夏邑年撩袍坐在床畔,抱住从锦被下迅速钻来朝她伸手的薛绍元,揉揉他头顶,“为什么不吃药?”
“大棉袄……大棉袄好凉……”
薛绍元叽里咕噜地反手搂住夏邑年,双手在她脸上搓着,眨着眼痴笑道:“躺下……嘻……躺下……暖和……”
薛绍元比之夏邑年要高上许多,她顺着他的劲儿侧躺在被上,喟叹一声敲了敲后腰。
薛绍元歪头看了片刻,也学着伸手在她后背乱敲了两下,又觉得无趣,便搂紧夏邑年,头卧到她颈侧。
两人这般静卧了片刻,薛绍元闻了闻她,皱鼻子道:“好臭……”
夏邑年低笑:“嗯,文士迂腐,宦寺腥臊,朕整日跟这种人接触,自然臭不可闻。”她执起薛绍元细白的指,吻了吻指尖。
“还是你好闻些。”
薛绍元不明就里的歪头看她,学着她的样子也亲了亲夏邑年指尖,见到右手虎口上的凝血,伸舌舔了下,旋即皱起一张漂亮的脸。
“苦……呜……”
夏邑年笑着坐起来,“朕去洗手。

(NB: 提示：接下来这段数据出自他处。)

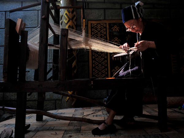“織”是指使用踞腰織機,采用通經斷緯的紡織方法織出各種花紋圖案,在織布時,先手工掛經,綁住藤或樹皮布腰帶,用腳踩織機的經線木棍,席地而坐織布。織花是用黑色或藍黑色做底線(經線),根據圖案需要,將各種染色的線搭配,拉經線、投緯線(彩色線),用木刀打緊緯線,織出各種花紋圖案。
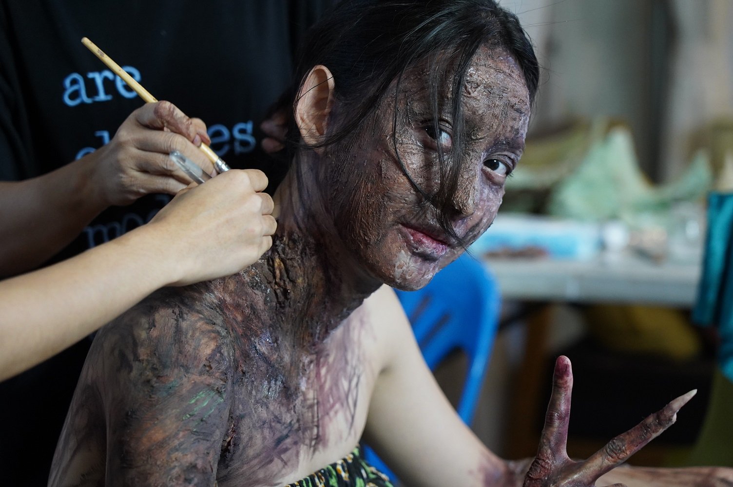 กลายเป็นภาพจำของละคร พิศวาสข้ามภพสถานีโทรทัศน์ช่อง 8 ในเครืออาร์เอสกรุ๊ป ไปแล้ว สำหรับ “แม่ย่าวังตะเคียน” รับบทโดย นางเอก “เฌอเบลล์ ลัลณ์ลลิน เตจะสาเวศซ์” บทจะดีก็ดีใจหาย บทจะหลอนก็น่ากลัวจนภาพติดตา เพราะไม่เพียงแต่สร้างความสะพรึงให้แฟนละครเท่านั้น แต่ยังเรียกเสียงฮือฮา เบื้องหลังการแต่งหน้าเอฟเฟกต์สุดสมจริง เพราะต้องอาศัยเทคนิคและความละเอียดทุกตารางนิ้วของผิวตั้งแต่หัวจรดเท้า งานนี้ เฌอเบลล์ ถึงขั้นบอกว่า ถึงจะเคยแต่งเอฟเฟกต์แนวนี้มาแล้ว แต่ก็ยังไม่ชินที่ต้องนอนนิ่งนานร่วม 4 ชั่วโมง หรือกว่าครึ่งวัน ดังนั้นเราจะมาดูว่า กว่าจะออกมาเป็นลุคสุดหลอนนี้ ต้องมีขั้นตอนไหนบ้าง

”话刚落,薛绍元便爬起来把她压回榻上,整个人攀在她身上,依恋之情毫不遮掩。
“别走……大棉袄……别走……”
夏邑年并不为这冒犯恼怒,她抚抚他散落的青丝,低语道:“真是纯然……”顿了顿,夏邑年柔声问:“为什么不愿喝药?”
薛绍元瞪着眼睛停了一会,慢慢皱起脸来,小声道:“不喝……不要……荣华富贵……疼……小棉袄……不在……坏人……不喝……”
夏邑年眯起眼。
“是谁说荣华富贵的?”见薛绍元无甚反应,她坐起身将他按在怀中,轻声哄道:“乖,告诉朕,谁同你说的?”
薛绍元宽袖遮手,指尖抓着夏邑年衣襟,乖乖地仰头看了她片刻,慢慢启唇:“爹——”
“母皇!”
【嘭——】
门被猛地推开。
风雪卷进来一众慌张的宫人和两只小毛球,一只进门便跳到榻上,和薛绍元嘻嘻哈哈地滚在一块,另一只挥退宫人,恭恭敬敬跪在了地上。
“儿臣参见母皇。”
“起吧。”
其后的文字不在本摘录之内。